Researchers presented two preliminary studies at ASN Kidney Week 2014 in Philadelphia, PA, that demonstrate the potential of tenapanor -- a minimally-systemic inhibitor of the intestinal sodium/proton exchanger subtype 3 (NHE3) -- to help reduce phosphorus absorption in patients with kidney disease. Patients with chronic kidney disease (CKD) have impaired kidney function and are unable to excrete enough phosphorus to maintain normal levels of phosphorus, which can lead to such adverse effects as hyperparathyroidism and bone and cardiovascular diseases.
Previous studies have shown that tenapanor can reduce the absorption of sodium. In the first study presented at ASN Kidney Week 2014, researchers used two animal models to determine if tenapanor could also reduce phosphorus absorption.

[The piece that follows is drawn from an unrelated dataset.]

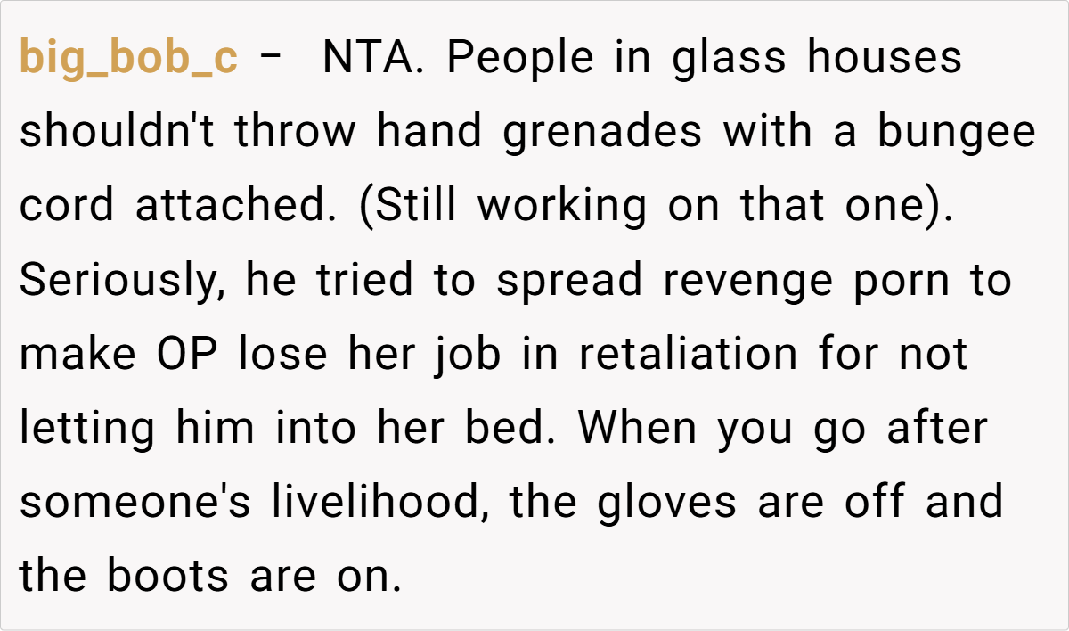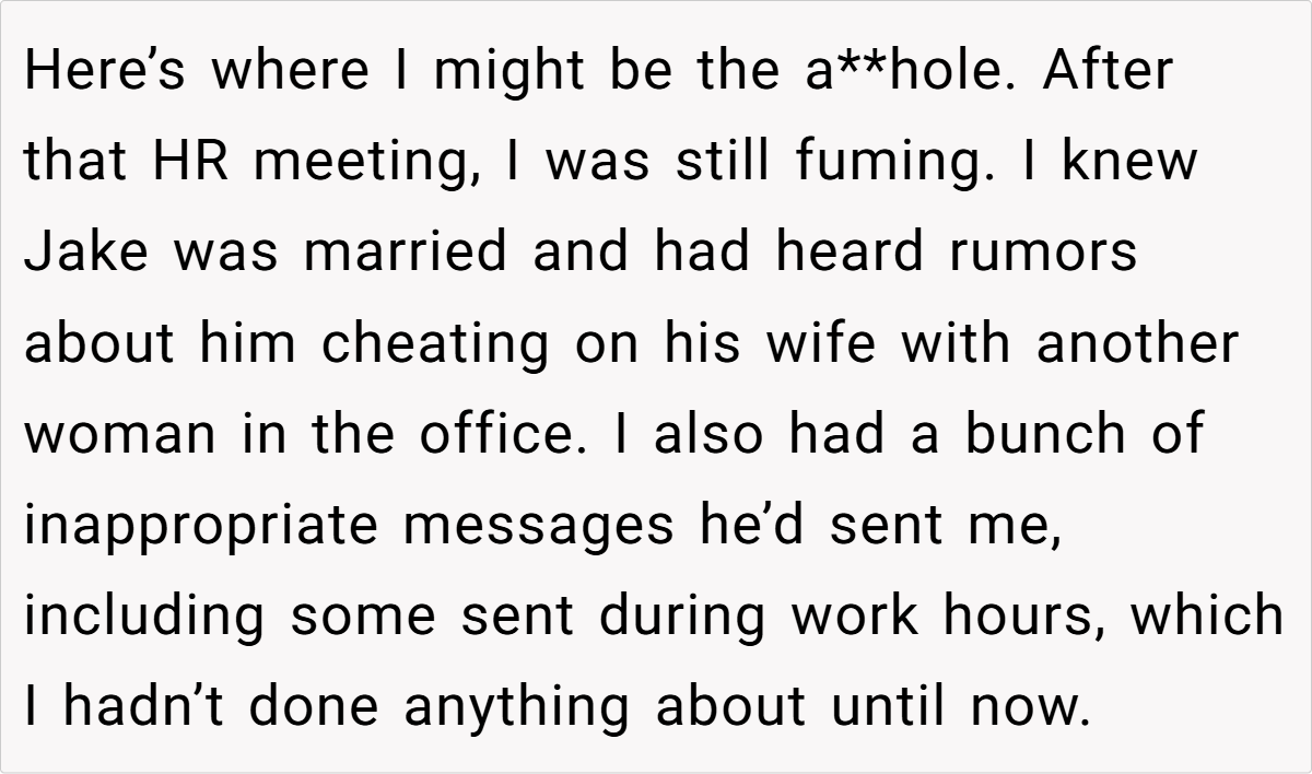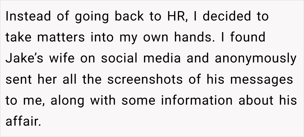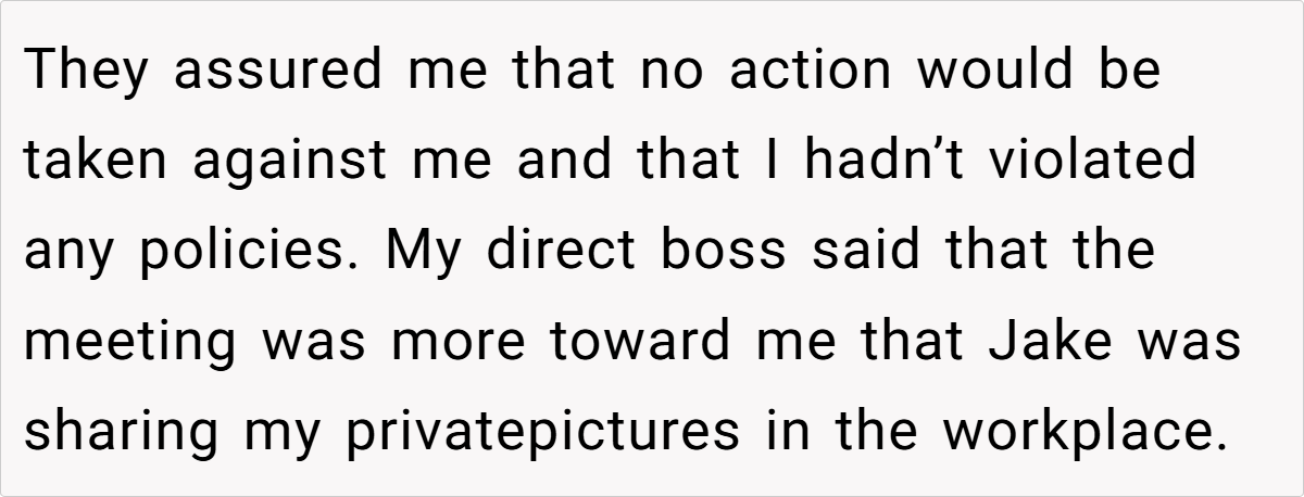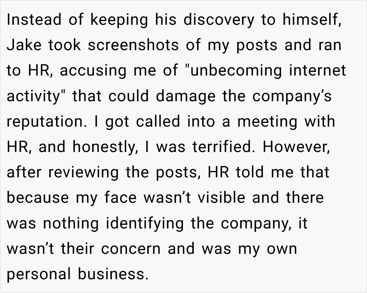 One aspect that stands out is the misuse of workplace power dynamics. By taking screenshots of private content and running to HR, Jake not only overstepped professional decorum but also weaponized personal information for his own gain. This abuse of trust reflects a broader issue in many modern workplaces, where personal biases and unresolved grievances often lead to harmful actions. Such behavior undermines both personal integrity and the collective trust necessary for a healthy work environment.
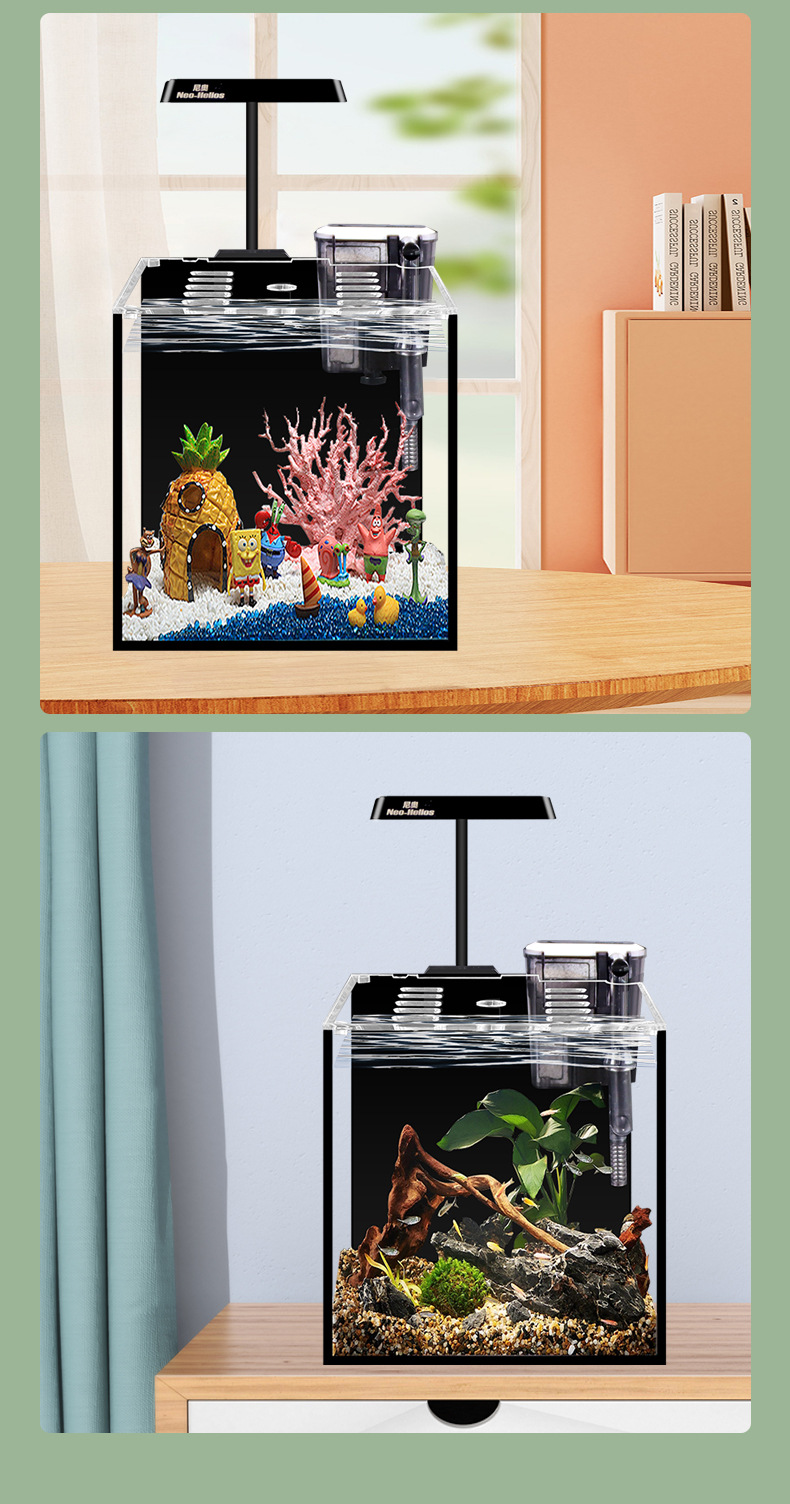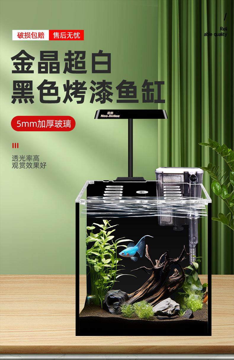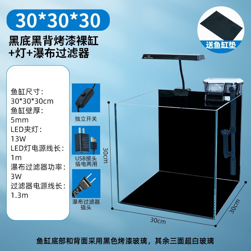 블랙 구운 페인트 물 잔디 탱크 슈퍼 화이트 작은 물고기 탱크 데스크탑 수족관 풍경 미니 가정용 블랙 하단 검은 색 다시 물고기 탱크스토어 가기

Investigators found that tenapanor reduced phosphorus absorption in the rodent model demonstrated by an increase in fecal phosphorus excretion in animals receiving the drug compared to controls. A second model examining cardiovascular effects found reductions in vascular calcification markers for animals receiving tenapanor. "These results suggest that tenapanor may provide a new approach to [phosphorus] management in renal disease and associated mineral disorders," the authors reported.
The second study investigated the effects of tenapanor on phosphorus absorption in healthy volunteers. Two double-blinded, placebo-controlled studies examined two dosing regimens over a 7-day period -- multiple ascending dosing and different dosing.
Both regimens demonstrated increased phosphorus excretion for participants receiving the drug compared to placebo. "Tenapanor may provide a new mechanism for the treatment of hyperphosphatemia, with the potential added benefits of reducing pill burden and improving Na overload in patients with end stage renal disease," the authors concluded.